PART 1 - Project 1 Description

Create a short document, with the names of group members. You should briefly describe your collaboration tool(s) you’ll use as a group, including for communication, code sharing, and project documentation. You should have identified your data sources, where the data can be found, and how to load it. And you should have created at least a logical model for your normalized database, and produced an Entity-Relationship (ER) diagram documenting your database design

Project 3 Team Members

Ariann Chai
Lwin Shwe
Chun Shing Leung

Project Tools

slack channel and zoom are used for collaboration and communication. We will use R studio to write the codes and publish it to RPubs (https://rpubs.com) . We will use draw.io to create the ER Diagram. Source CSV and RMD files are saved in a github so all team members can access the code. We will use google slides for presentation.

Project 3 Data Sources

The data used to answer the question is “Netflix TV Shows and Movies” from Kaggle.

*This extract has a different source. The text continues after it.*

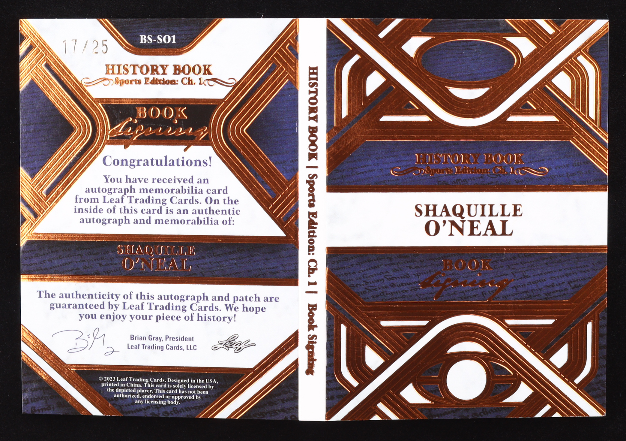 Shaquille O'Neal 2023 Leaf History Book Sports Edition Chapter One Book Signing Bronze #BSSO1 #17/25

Source: https://www.kaggle.com/datasets/victorsoeiro/netflix-tv-shows-and-movies/code

Source CSV (Uncleaned for Project): https://github.com/tonyCUNY/tonyCUNY/blob/main/titles.csv

Question/Model for this data

Load the data into R using tidyverse package
tidy/transform the data
Visualize the relationship between variables
Answer questions such as:
What are the top 10 movies with highest scores?
Which movies have large amount of voters?
How these information change across countries, years, ages and genres?

ER Diagram

https://github.com/tonyCUNY/tonyCUNY/blob/main/ER2.jpg